About a year ago, up to a dozen newborn lambs were mauled to death by a dog, prompting KDC animal control officers to set traps and surveillance cameras in the region.

Following this attack, Swadling discovered two injured lambs in a pen and took them to his home for treatment.

He said he patrols the farm twice a day while working full time.

“The dog problem subsided after 2020. Recently there have been dog attacks in the area but not here. This time someone killed a pregnant sheep between 3 and 7 years old and took away the meat “, did he declare.

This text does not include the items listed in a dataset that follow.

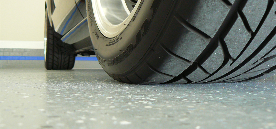 Керамику в виде плитки используют по бетонному основанию. Применяют керамогранит, т. к. обычный бытовой кафель быстро растрескается от колес. Покрытие прочное, не разрушается от скачков температуры, действия бензина, технического масла.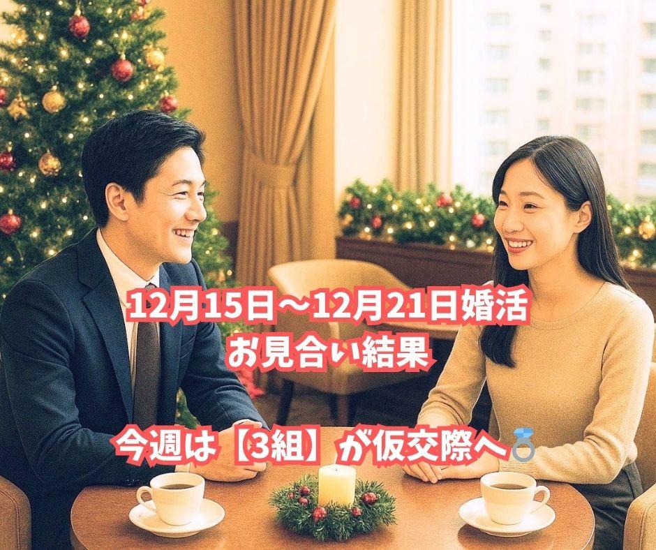 2025年12月23日(火) ♡12月15日〜12月21日 お見合い結果♡ 12月15日〜12月21日婚活 お見合い結果 今週は【3組】が仮交際へ♡ 決め手は… ・緊張せず自然に話せたこと ・食や趣味から広がる価値観の一致 ・穏やかさ、清潔感、丁寧な言葉遣い 条件よりも「一緒にいる想像ができた」 そんな瞬間がご縁をつなぎました! 交際成立おめでとうございます✨ 実りある御縁となりますよう願っております✨ 交際の進め方やお気持ちの整理など、 それぞれの状況に応じて、 担当カウンセラーが継続的にサポートしてまいります♡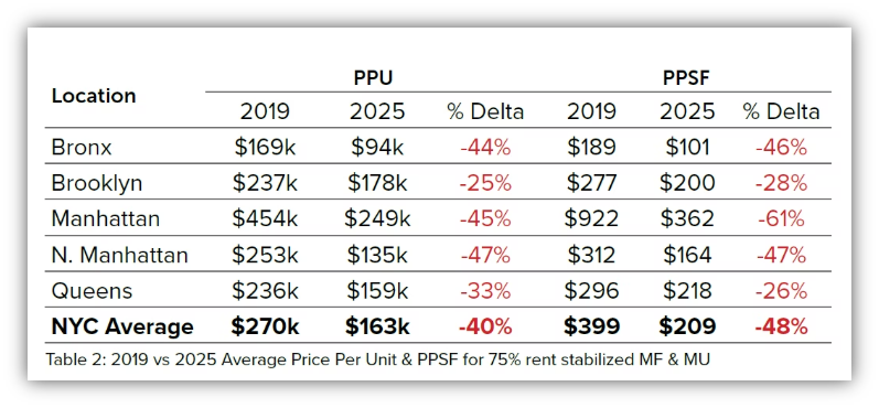 The sales market is already sending that signal. Ariel Property Advisors’ 2025 Multifamily Year in Review shows that buildings with 75% or more rent-stabilized units have suffered a major decline in value since 2019. Citywide, average price per unit fell from $270,000 in 2019 to $163,000 in 2025, a 40% decline. Average price per square foot fell from $399 to $209, a 48% decline. The decline was not isolated to one borough: Manhattan price per square foot fell 61%, Northern Manhattan price per unit fell 47%, and Bronx price per unit fell 44%.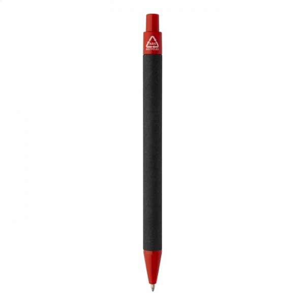 Guľôčkové pero z recyklovaného papiera s čiernym telom a recyklovanými ABS dielmi. S modrou náplňou.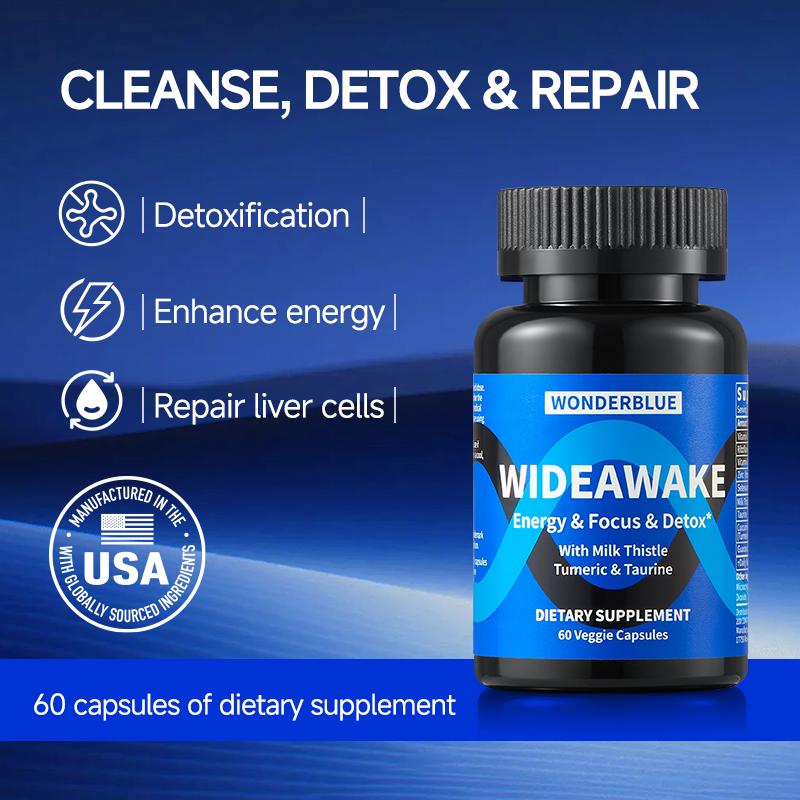 Wonderblue Wideawake Milk Thistle Tumeric & Taurine Capsules for Vitality Energy Detox 60 Veggie Capsules USA Made FDA GMP Supplement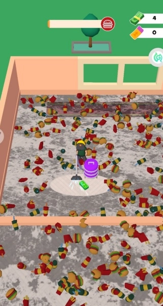 挑选好角色后,操纵你的角色在堆满垃圾的餐厅里,借助各类清洁工具完成清扫任务,这个过程让人感觉十分解压。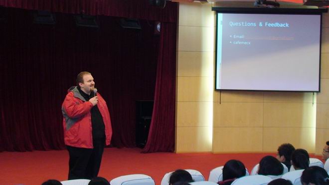 2011年3月16日下午4:30分,3月17日下午2:30分。来自美国OSU汉语旗舰工程中心Shaun分别在我校白云校区求是讲堂、宝山校区9407教室为我院旅游英语学生作了题为:《基于体验文化教学法的跨文化交流》讲座,我院师生300多人到场聆听。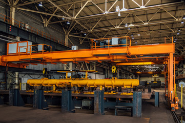 Magnetic gripper for crane. Industrial lifting magnet in a steel structure factory.

The club did not report the latest theft, discovered by Swadling last Thursday, to police and council.

Dog attacks in recent years have prompted the club to install surveillance cameras and set traps.

Last month, Maungaturoto farmer Rex Roadley lost more than 100 sheep – including some of a prized breed – to dog attacks.

The KDC animal management report for 2020-2021 noted a 24% decrease in dog attacks in Maungaturoto.

Previously, KDC had received a large number of complaints about owners not keeping their dogs under control, picking up their dogs, or letting their dogs roam the streets.

Under the Control of Dogs Act 1996, owners of dogs disturbing sheep were liable to a fine plus the damage caused by the attack.